> **WORK TASK**
Your task is to copy the listing exactly, with the pictures left out.

> **DATA SHOWN**
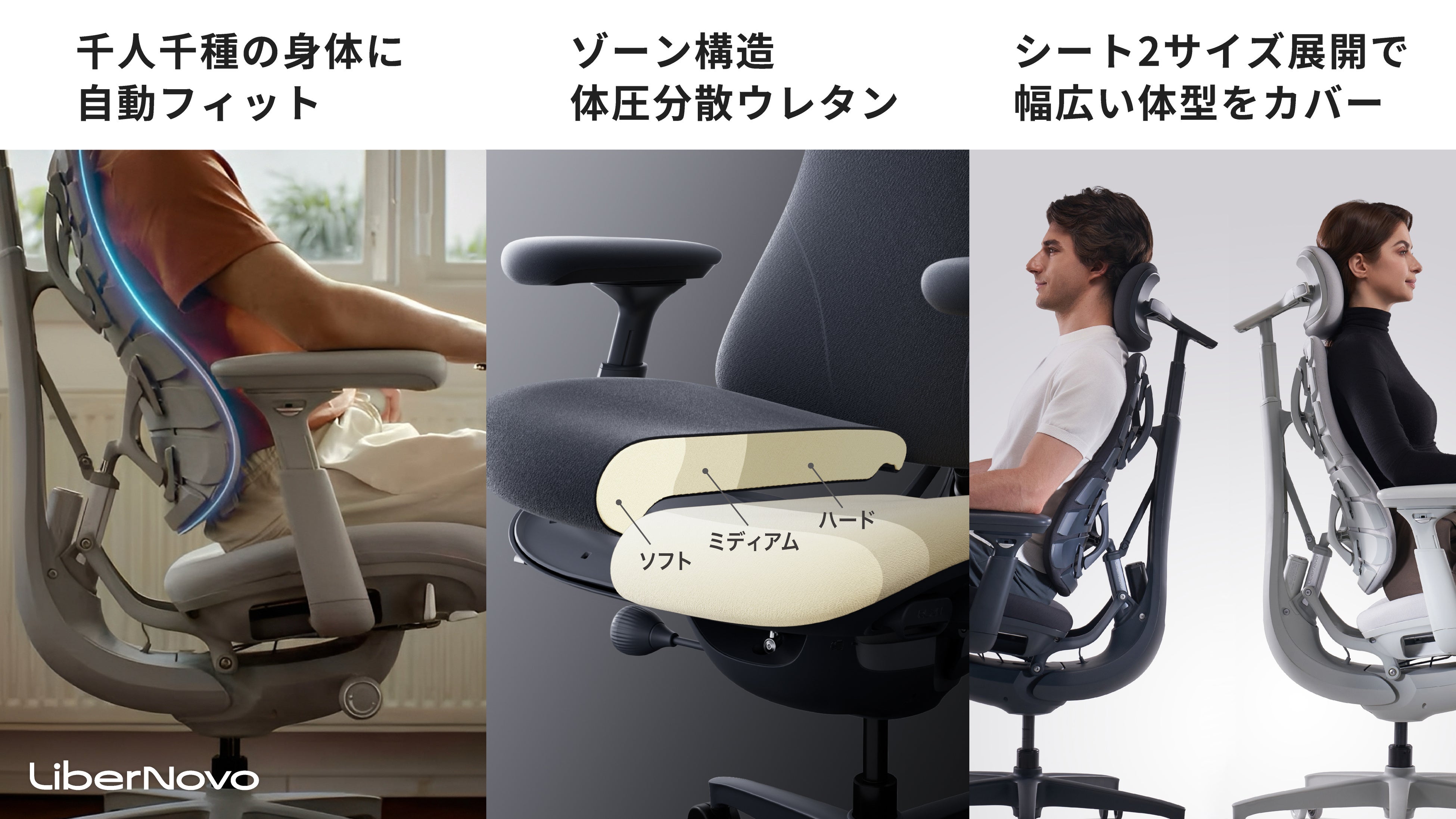 LiberNovoが2,924人を対象に実施した「ワークチェアの認知度および消費者需要に関するアンケート調査」では、「長時間デスクワークによる不調を感じやすい部位」に関する回答は“腰”、“首”、“背中”、「チェア選びの際気にしている点」の回答では“シート(座面)の座り心地”、“ランバーサポート(腰部)のサポート力、フィット感”、“自身の身長及び体型に合うか”が上位に挙げられていました。LiberNovo Omniはこのような需要に対して、
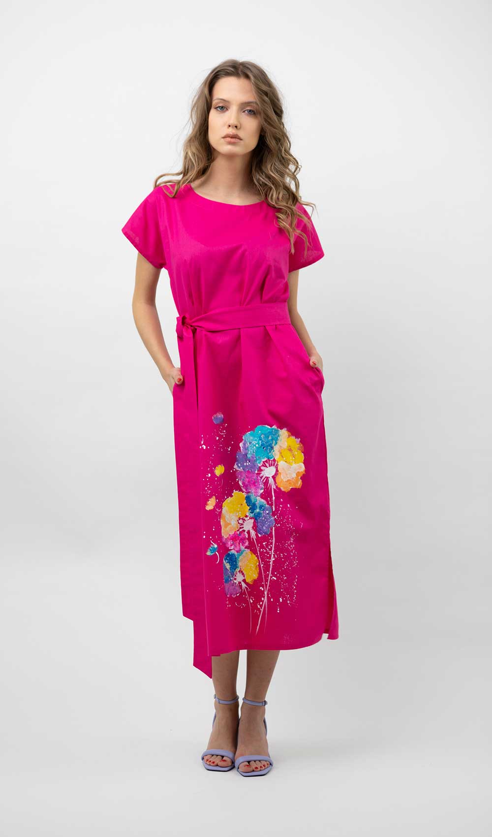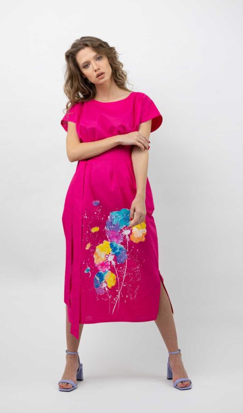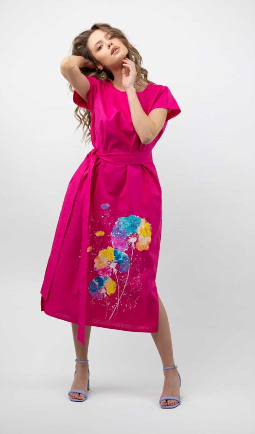 Dacă îți plac culorile, materiale naturale și piesele vestimentare cu personalitate cu siguranță rochia “Yari” va fi una dintre preferatele tale. Este realizată din bumbac, are o croială dreaptă, buzunare ascunse și o pictură multicoloră realizată manual. O poți purta, fie legată în talie cu cordon, sau simplu, dreaptă. Este foarte comodă și îți va da o energie bună prin culorile pe care le are.
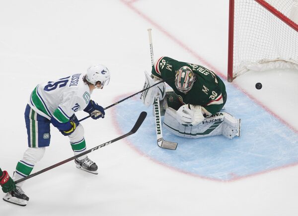 Wild defenceman Brad Hunt bobbled the puck at the Canuck blue line, allowing Roussel to race past him, grab the puck on a breakaway and shovel it on the backhand past Stalock.
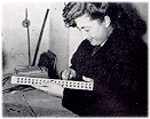are various stages in the assembly of the accordions' treble keyboards

> **ANSWER TO THIS PROBLEM**
 LiberNovoが2,924人を対象に実施した「ワークチェアの認知度および消費者需要に関するアンケート調査」では、「長時間デスクワークによる不調を感じやすい部位」に関する回答は“腰”、“首”、“背中”、「チェア選びの際気にしている点」の回答では“シート(座面)の座り心地”、“ランバーサポート(腰部)のサポート力、フィット感”、“自身の身長及び体型に合うか”が上位に挙げられていました。LiberNovo Omniはこのような需要に対して、
 Dacă îți plac culorile, materiale naturale și piesele vestimentare cu personalitate cu siguranță rochia “Yari” va fi una dintre preferatele tale. Este realizată din bumbac, are o croială dreaptă, buzunare ascunse și o pictură multicoloră realizată manual. O poți purta, fie legată în talie cu cordon, sau simplu, dreaptă. Este foarte comodă și îți va da o energie bună prin culorile pe care le are.
 Wild defenceman Brad Hunt bobbled the puck at the Canuck blue line, allowing Roussel to race past him, grab the puck on a breakaway and shovel it on the backhand past Stalock.
are various stages in the assembly of the accordions' treble keyboards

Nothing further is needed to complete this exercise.